DSÖ'nün Alfa, Beta, Gama, ve Delta varyantlarının yanı sıra "ilgilenilen" varyantlar grubunda Eta, Lota, Kappa ve Lambda'yı takip ettiğini aynı zamanda 12 varyantın da izlenimini sürdürdüğünü anlatan Arman, hem BioNTech hem de Sinovac aşılarının iki dozunun genel olarak varyantlar üzerinde etkinliğini sürdürdüğünü, ağır hastalık ve ölüm riskini önlediğinin saptandığını anımsattı.
Ağustos 2020'de Peru'da saptanan ve ülkedeki vakaların yüzde 70'inin etkeni olan Lambda varyantına karşı da BioNTech'in etkinliğinin belirlendiğini vurgulayan Arman, "Yeni varyantların özellikle aşı oranlarının düşük olduğu ülkelerde ortaya çıkışı, aslında aşının önemini çok açık olarak ortaya koyuyor. Diğer yandan hastaneye yatışlar da özellikle aşılanmamış kişilerde söz konusu." diye konuştu.

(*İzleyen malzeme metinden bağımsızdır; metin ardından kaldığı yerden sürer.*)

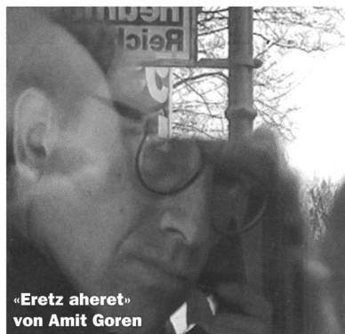
« Eretz aheret » von Amit Goren

Die Ökumenische Jury hat « Bauernkrieg » von Erich Langjahr (ZOOM 9/89) ausgezeichnet. Aus der Begründung: «Der Film zeichnet das Bild einer Landwirtschaft, die im Rahmen eines liberalisierten Welthandels Tiere vollends zur Ware macht. Durch geduldige Beobachtungen lenkt der Film den Blick auf die entwürdigende Verdinglichung der Kreatur. Er provoziert Fragen über die Grenzen der Globalisierung und über das Menschen zur Natur.»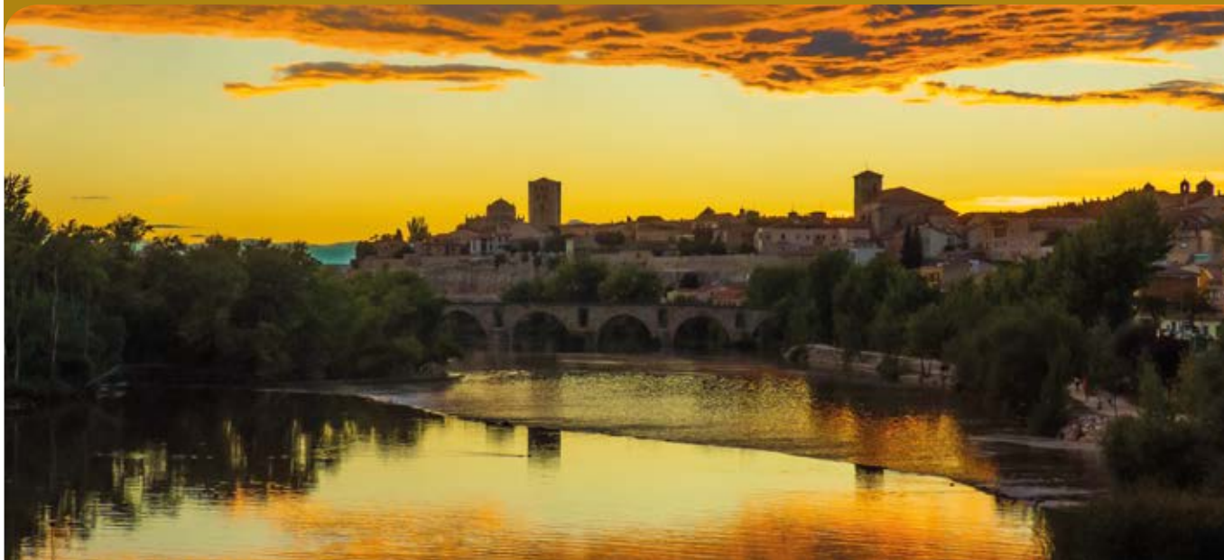
Panorámica de la ciudad de Zamora.

"Gençler bir an evvel iki doz aşılarını olmalı"
Prof. Dr. Arman, özellikle genç yaş gruplarında görülen aşı ilgisizliğine ilişkin, şunları kaydetti:
"Gençlerde ağır seyir ve ölüm oranlarının düşük olduğunun bilinmesi, güven hissi ile birlikte aşıya ilgisizlik sonucunu doğurabiliyor. Ancak Türkiye'de günlük ortalama 5 bin yeni vakanın büyük bölümünün aşılanmamış, genç nüfustan oluştuğunu ve Kovid-19'da ölüm oranının 40 yaş altında 0,02 olduğunu dikkate aldığımızda, her 5 bin genç hastanın 10'unun yaşamını kaybedeceğini öngörmek acı ama gerçek bir sonuç. Her geçen gün daha fazla sayıda, hiçbir risk faktörü taşımayan genç insanların yaşam kaybı haberini alıyoruz. Gençler hem kendileri hem de sevdiklerine hastalık bulaştırma ihtimalini düşünerek bir an evvel iki doz aşılarını olmalı. Bu aynı zamanda toplumsal bir sorumluluk, aşılanma salgından kurtuluşun tek yolu."
"Bayramlaşmayı açık havada, sosyal mesafeye uyarak gerçekleştirelim"
Enfeksiyon Hastalıkları ve Klinik Mikrobiyoloji Uzmanı Prof. Dr. Arman, kalabalık alanlarda, düğün gibi kutlamalarda maske takılmamasının ciddi risk oluşturduğunu belirterek, özellikle yeni varyantların ortaya çıktığı bu süreçte bireysel tedbirlerden asla taviz verilmemesi gerektiğini söyledi.
Arman, Kurban Bayramı'nda bir araya gelecek vatandaşlara Kovid-19'dan korunmak için şu uyarılarda bulundu:
"Sevdiklerimizle bayramlaşırken lütfen kapalı alanlardan kaçınalım, açık havada, en kısa sürede ve sosyal mesafe kurallarına uyarak bunu gerçekleştirelim. Virüsün eller aracılığıyla taşınması her zaman mümkün olabilir, bu sebeple el hijyeni kurallarını, yanımızda el antiseptiği veya en az yüzde 70 alkol içeren kolonya bulundurmayı unutmayalım. Maskelerimizi virüs taşıma ihtimaline karşı devamlı aşağı-yukarı oynatmak riskli, maskelerin ıslandığında değiştirilmesi önem taşıyor. Yıkanabilir maskeler de her kullanım sonrası su ve sabun ile yıkanmalı. Sonraki bayramlara sevdiklerimizle birlikte erişebilmek için kendimizi ve etrafımızdaki kişileri korumak hepimizin sorumluğu."